The Company seeks to accomplish these objectives by: (i) utilizing retail
deposits as its primary source of funds, as these are considered to be more
stable and of lower cost on average than borrowings, principal and interest
payments on loans and other sources of funding; (ii) maintaining a substantial
portion of its assets in loans secured by residential real estate primarily
located in Broadway Federal's primary market area of South Central Los Angeles;
(iii) retaining in its portfolio primarily adjustable-rate mortgage loans
("ARMs") to reduce Broadway Federal's exposure to interest rate fluctuations;
(iv) continuing to improve Broadway Federal's visibility and market share in the
communities it serves through increased outreach efforts, branching and
enhancement of the services it offers; and (v) reducing Broadway Federal's
non-interest expense through more efficient operations to the extent consistent
with its commitment of service to the underserved communities of Mid-City and
South Central Los Angeles.
MARKET AREA AND COMPETITION
The Los Angeles metropolitan area is a highly competitive market in which
Broadway Federal faces significant competition in making loans and, to a
lesser extent, in attracting deposits. Although Broadway Federal's offices
are located in low and moderate income minority areas that have historically
been underserved by other financial institutions, Broadway Federal is facing
increasing competition for deposits and residential mortgage lending in its
immediate market areas, including direct competition from a number of
financial institutions with branch offices or loan origination capabilities
in its market area. Most of these financial institutions are significantly
larger and have greater financial resources than Broadway Federal, and many
have a regional, state-wide or national presence. Management believes that
this competition has increased substantially, particularly with respect to
one- to four-family residential lending activities. Many larger
institutions, able to accept lower returns on loans in Broadway Federal's
market, do so to attract a sufficient volume of such loans in response to the
increased emphasis by federal regulators on financial institutions'
fulfillment of their responsibilities under the Community Reinvestment Act.

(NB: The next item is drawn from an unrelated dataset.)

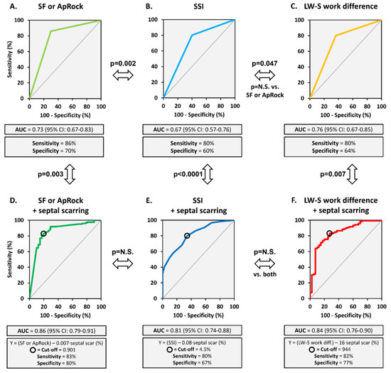 Presence of mechanical dyssynchrony, combined with septal scarring, identifies CRT response. ROC curve displaying as predictors of CRT response. Top row: markers, not combined with septal scarring info, (A) SF or Aprock, (B) SSI, and (C) LW-S work difference. Bottom row: markers combined with septal scarring info, (D) SF or ApRock + septal scarring, (E) SSI + septal scarring, and (F) LW-S work difference + septal scarring. Statistical differences between plots are indicated.

See "--Regulation--Community Reinvestment Act."
For much of the period since World War II, the communities of Mid-City and
South Central Los Angeles had a predominately African-American population
and, although there is significant variation among communities in South
Central Los Angeles, a substantial portion of the area has historically
consisted of low and moderate income neighborhoods and commercial areas.
While the area remains predominately low and moderate income in nature, in
more recent years the population has changed, with a rapidly growing Hispanic
community, as well as Asian and other ethnic communities.
Historically, there have been relatively few retail banking offices of other
financial institutions located in Broadway Federal's primary market area. This
fact, coupled with the fact that the deposit needs and preferences of its
customers tend to be for passbook or other transactional accounts, rather than
higher cost certificates of deposit, has enabled Broadway Federal to maintain a
significantly higher proportion of its deposit funding in such accounts.
Management believes that this results in Broadway Federal realizing a
substantially higher interest rate spread and margin than many other savings
institutions.
With respect to its lending activities, Broadway Federal also tailors its
business strategy to the communities it serves. Broadway Federal's loan
originations consist primarily of relatively low balance loans on one- to
four-family properties, loans on multi-family properties and, again reflecting
its community orientation, church properties. Broadway Federal's borrowers
often request low loan amounts which produce loans with relatively low
loan-to-value ratios. To facilitate loans to low and moderate income borrowers,
Broadway Federal utilizes flexible credit underwriting standards and accepts
various forms of alternative documentation substantiating the prospective
borrower's credit worthiness. For example, Broadway Federal will accept higher
ratios of housing expense and total expense to borrower income because it
believes that many low and moderate income borrowers are able to devote a higher
percentage of their income to housing without material default experience.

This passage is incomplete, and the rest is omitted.